Data Catalog¶
This guide will walk you through the core features of bauplan data catalog.
Import new data as Iceberg tables.
Create new data branches.
Merge branches.
With bauplan, all tables created through uploads or business logic can be materialized and persisted in a data catalog as Iceberg Tables. A distinctive feature of bauplan is its ability to create branches of your data lake and write data artifacts within them. We call these data branches. Think of them as sandboxed data environments where you can manipulate production data without affecting the primary production environment. Data branches are powerful tools that allow your team to explore, validate, and debug data artifacts and pipelines before merging them into the main production environment—similar to code version control.
Create a branch¶
Data branches are namespaced by your username, so you must prefix branch names with your username
.
bauplan branch create <YOUR_USERNAME>.<YOUR_BRANCH_NAME>
For example, to create a branch named hello_bauplan
and switch to it:
bauplan branch create <YOUR_USERNAME>.hello_bauplan
bauplan checkout <YOUR_USERNAME>.hello_bauplan
To see your current branch, run bauplan branch
. This command displays all your branches, marking your active branch with a green star.
bauplan branch
To see the content of your newly created data branch:
bauplan table
Note: Even without writing new tables, your branch isn’t empty. As it’s a zero-copy of the main
branch, it contains all tables existing in main
.
Import data¶
To import data, you’ll need a public S3 bucket with ListObject permission enabled (here is an example of json S3 permissions).
We provide a public bucket with an open dataset to get started.
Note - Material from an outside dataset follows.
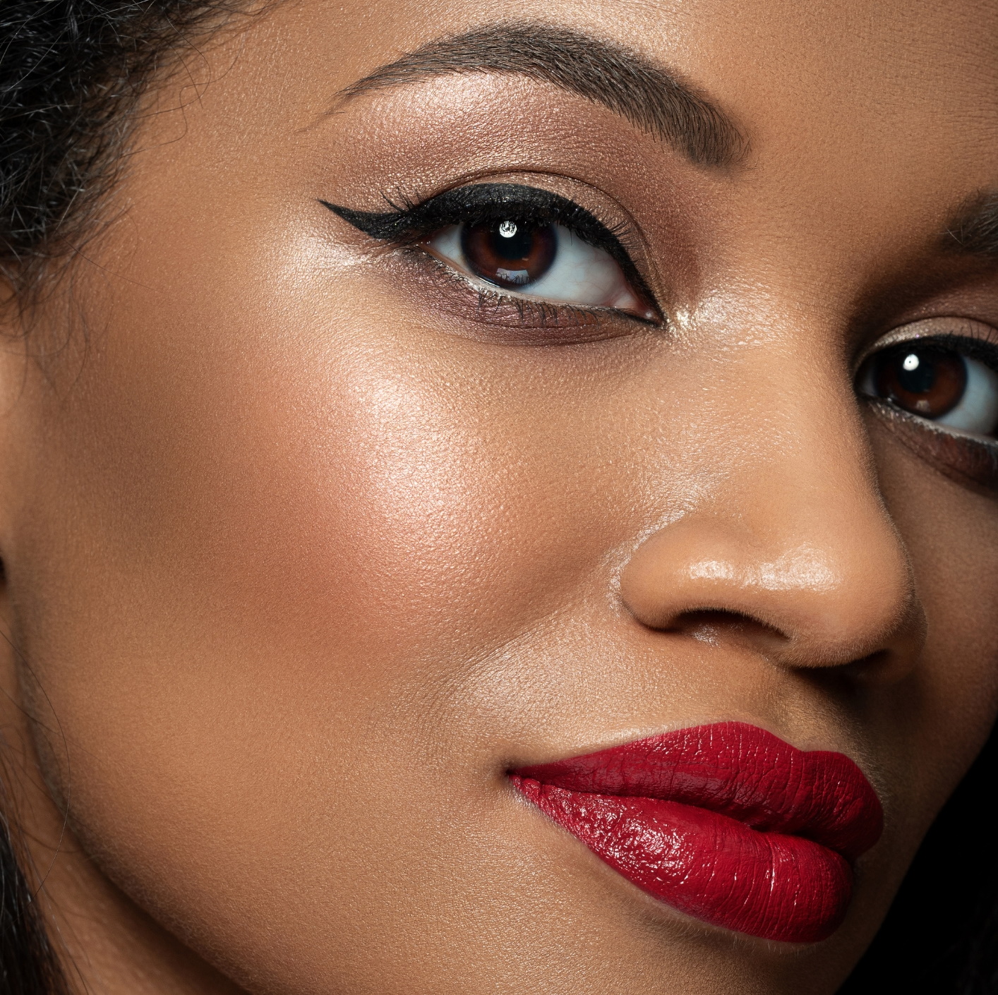 El delineado de ojos tipo «cat eye» es una buena opción para tu maquillaje de Navidad. Puedes usarlo sobre una sombra de ojos brillante o metalizada para un look más llamativo o si prefieres un acabado más natural utilízalo solo o sobre una base en tonos nude.

Let’s import February 2023 Green Taxi Trip Records into a new table:
bauplan table create --name <YOUR_USERNAME>_green_taxi_table --search-uri 's3://alpha-hello-bauplan/green-taxi/*.parquet'
This command creates an empty table based on the parquet files’ schema. Then you can import the data in the table just created:
bauplan table import --name <YOUR_USERNAME>_green_taxi_table --search-uri 's3://alpha-hello-bauplan/green-taxi/*.parquet'
To verify the table creation:
bauplan table get <YOUR_USERNAME>_green_taxi_table
Sometimes, an import operation may fail due to schema conflicts between the table you created and the Parquet files you are trying to import. When such conflicts occur, the import will not proceed. In these situations, you can generate a plan file to help resolve the conflicts:
bauplan table create-plan --name <YOUR_USERNAME>_green_taxi_table --search-uri 's3://alpha-hello-bauplan/green-taxi/*.parquet' --save-plan table_creation_plan.yml
Review the table_creation_plan.yaml
file for conflicts (example). The conflicts
field should be empty (it should look like this conflicts: []
).
If there are conflicts, change the column schema directly in the file and make the table schema consistent, making sure that the field conflicts
is an empty list (i.e., conflicts: []
).
After reviewing, apply the plan:
bauplan table create-plan-apply --plan table_creation_plan.yaml
👏👏 Congratulations, you have just created your first data branch in the data catalog and imported data into it!
Merge a branch¶
To merge your hello_bauplan
branch into the main
branch:
Review the differences between branches:
bauplan branch diff main
You can compare your active branch with the main branch to identify the differences. This comparison will show which tables exist in one branch but not the other:
Switch to main and merge:
bauplan branch checkout main
bauplan branch merge <YOUR_USERNAME>.<YOUR_BRANCH_NAME>
Check the schema of the merged table:
bauplan table
bauplan table get <YOUR_TABLE> # in this tutorial the table should be <YOUR_USERNAME>_green_taxi_table
You can now query the table. For example, to find out how many records are in the table:
bauplan query "SELECT COUNT(lpep_pickup_datetime) as number_of_trips FROM <YOUR_USERNAME>_green_taxi_table"
👏👏 Congratulations, you just merged a data branch into the main data catalog!
Note
Data branches are user-specific; always prefix branch names with your username.
For a complete command reference, please consult our reference documentation.
The bauplan data catalog supports additional features like dropping tables and branches.